Manhattan Community Trades for $117M

A&E Real Estate purchased the Upper East Side property.

A 22-story luxury community in the Yorkville neighborhood of Manhattan’s Upper East Side has been sold to A&E Real Estate for $116.5 million. Soloviev Group sold the property, Rivers Bend. A&E paid approximately $547,000 per unit for the 179-unit building.

Located at 501 East 87th St., Rivers Bend was built in 1963. The post-war building at the northeast corner of York Avenue and 87th Street features extra-large apartment homes and wood-burning fireplaces.

Rivers Bend amenities include a 24-hour attended lobby, a parking garage, a rooftop terrace with a glass-enclosed swimming pool, central air conditioning, an updated elevator system and a fitness center. Select homes in the 202,000-square-foot community have balconies and large private terraces.

Residents are nearby the Carl Schurz Park, Gracie Mansion, the East River Esplanade and Asphalt Green. The 90th Street NYC Ferry terminal and Second Avenue subway are also close by. The neighborhood features some of Manhattan’s leading private and public schools as well as an array of dining, retail and entertainment options.

A&E has been growing its multifamily portfolio. In the last few years, the company has added 140 and 160 Riverside Blvd., which it purchased from Equity Residential; 1080 Amsterdam and 400 East 57th St. from SL Green; a portfolio of 14 multifamily buildings in Brooklyn’s Gravesend and Sheepshead Bay neighborhoods from The LeFrak Organization; and Cunningham Heights, a 22-building community portfolio in Queens Village.

Soleviev Group was represented by S. Charatan Realty founder and president Jack Bick in the Upper East Side transaction.

Manhattan market metrics

The Manhattan multifamily market was on an upward trend at the close of 2024, despite seasonal hurdles. Average advertised asking rents increased by 0.2 percent on a trailing three-month basis through November, to $5,023. This was largely due to the working-class Renter-by-Necessity segment, the report indicated.

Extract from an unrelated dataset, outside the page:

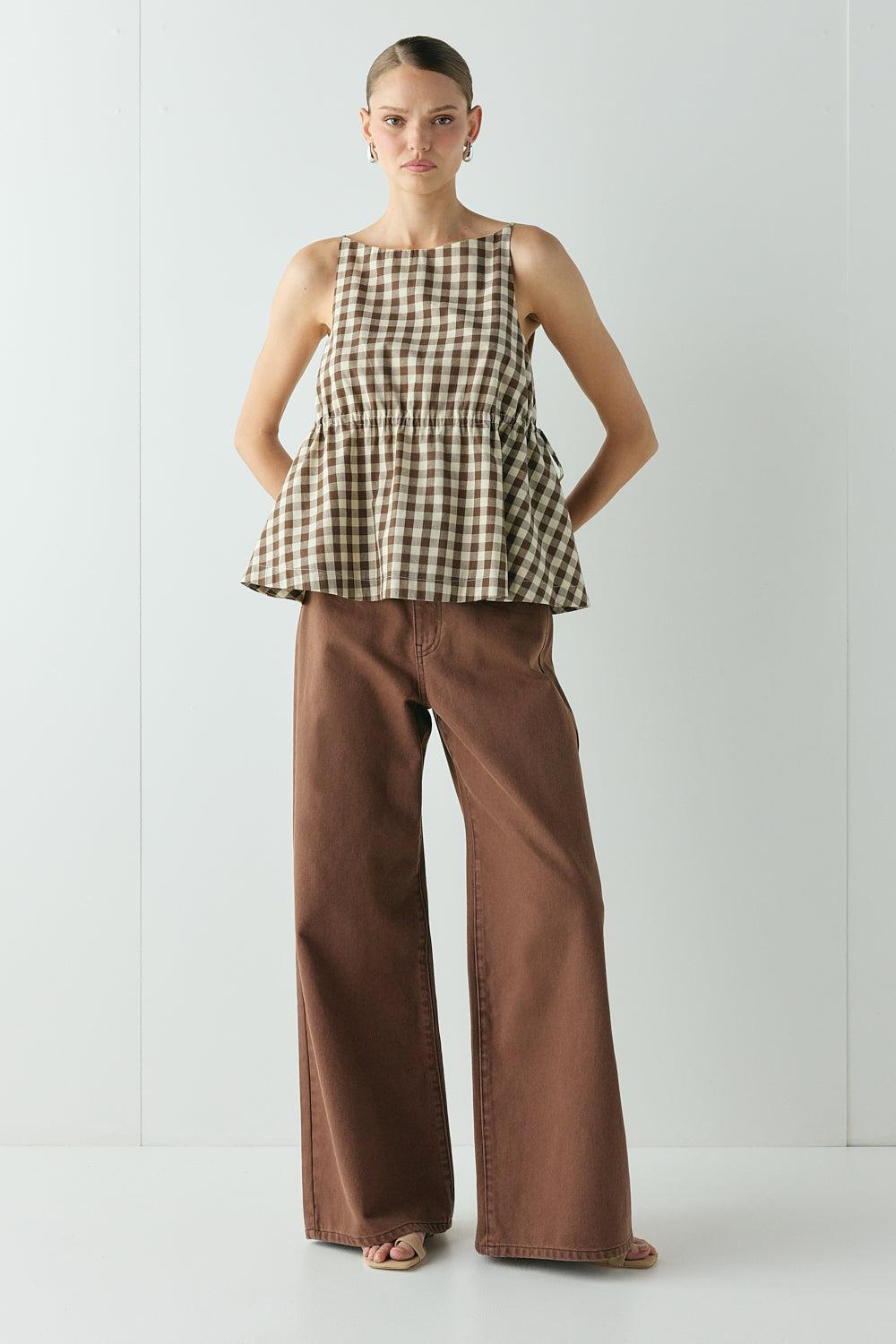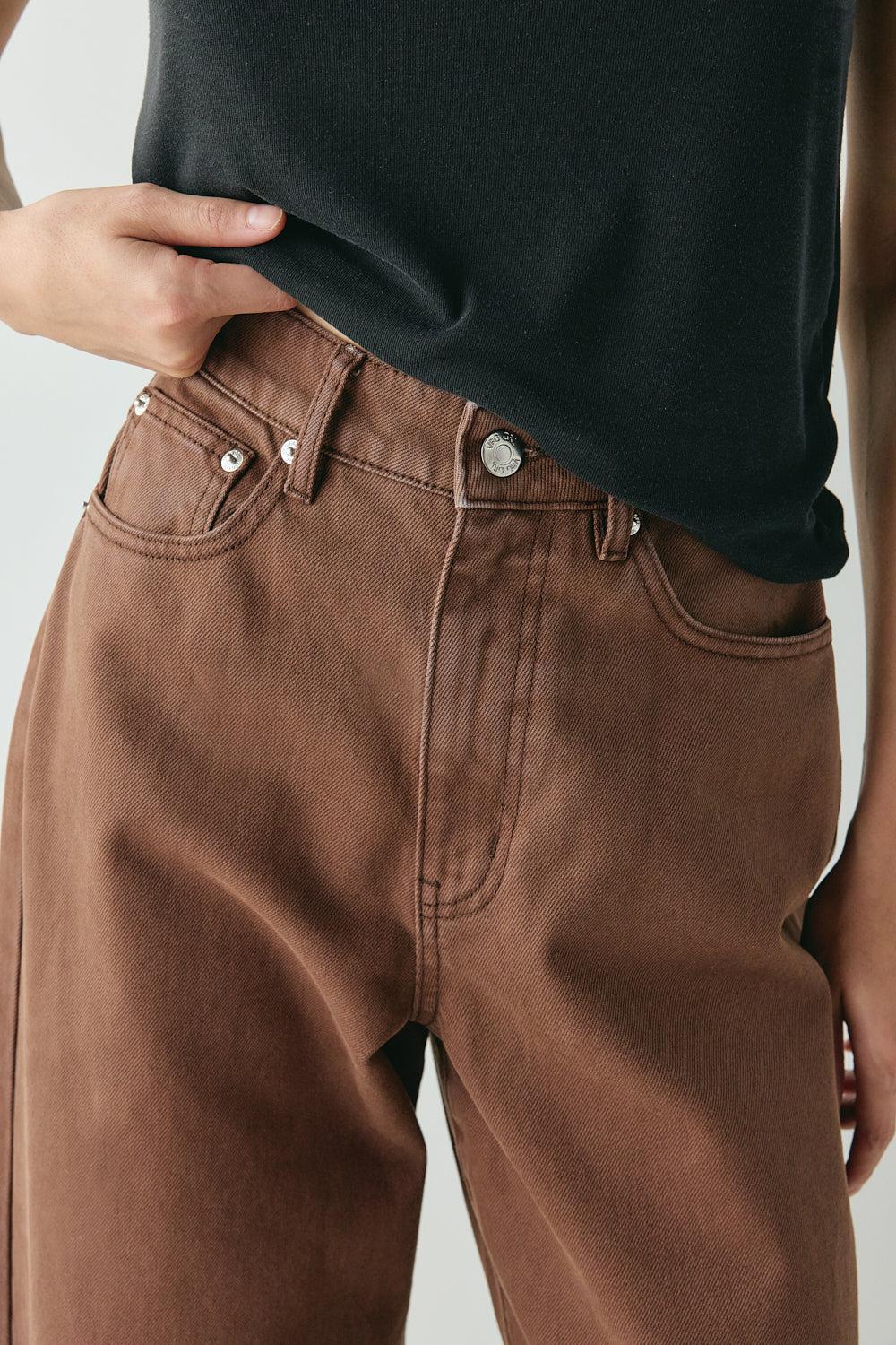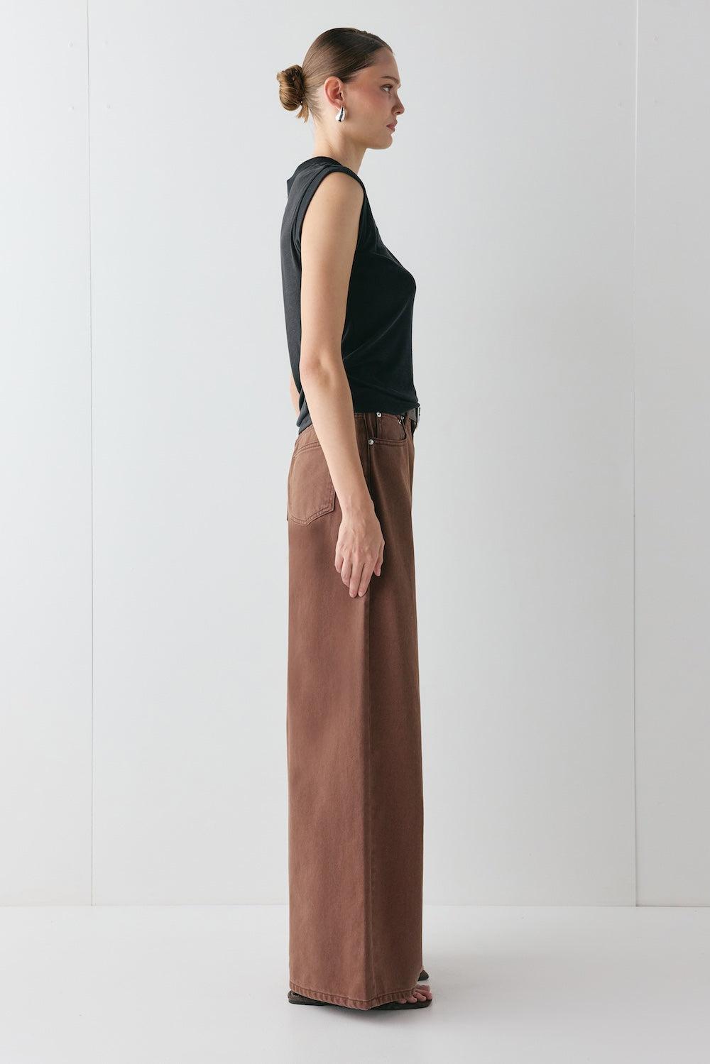 The Aston Jeans are cut from 100% cotton non-stretch denim in a rich chocolate wash with a high waist and straight, structured feel. They feature a classic five-pocket design, zip front closure, belt loops and branded hardware at the back waist. Considered, grounded, and made to wear in over time.
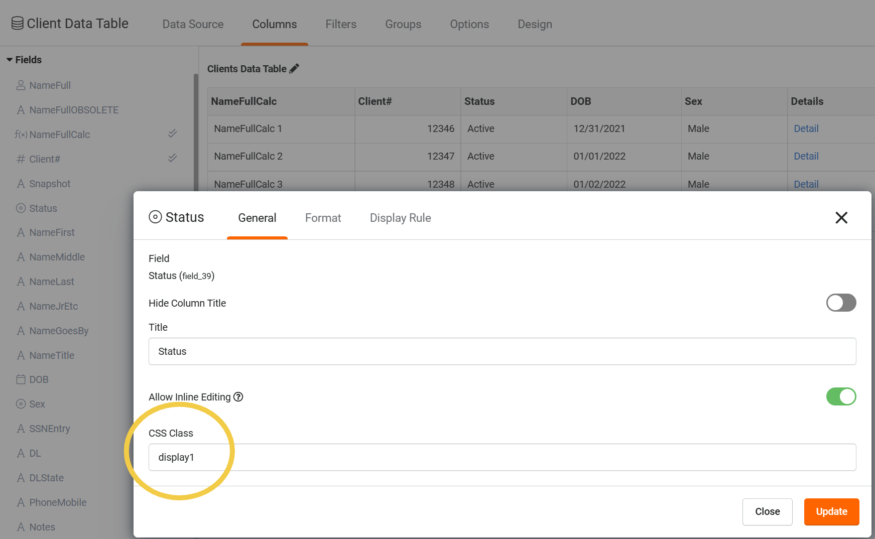 - Is it possible to configure a grid so that it has multiple TABS that show different columns? I’d of course keep the primary field on each of these tabs, but it would be helpful if there could be a tab showing say, contact fields, identity fields (name, SSN, drivers license, DOB, citizenship etc), another tab for data relating to the person’s status in the lawsuit (case filed date, court filing number, etc), and more. As I said, there would be one or two columns in common (maybe full name and status) but the other fields would change by group with each tab.

“Existing apartment buildings are the hottest real estate investment product in the country and have been for many years, versus some asset types that are seen as riskier and more vulnerable to changing market conditions,” Alan Hammer at Brach Eichler told Multi-Housing News. “Recent memory of low interest rates, which allowed sellers to achieve record-high asking prices, has slowed this continuous flurry of activity. However, there is capital ready to invest. In New York City, from a consumer perspective, pre-war buildings have a specific charm and character that are lacking in new-builds and often offer larger layouts.”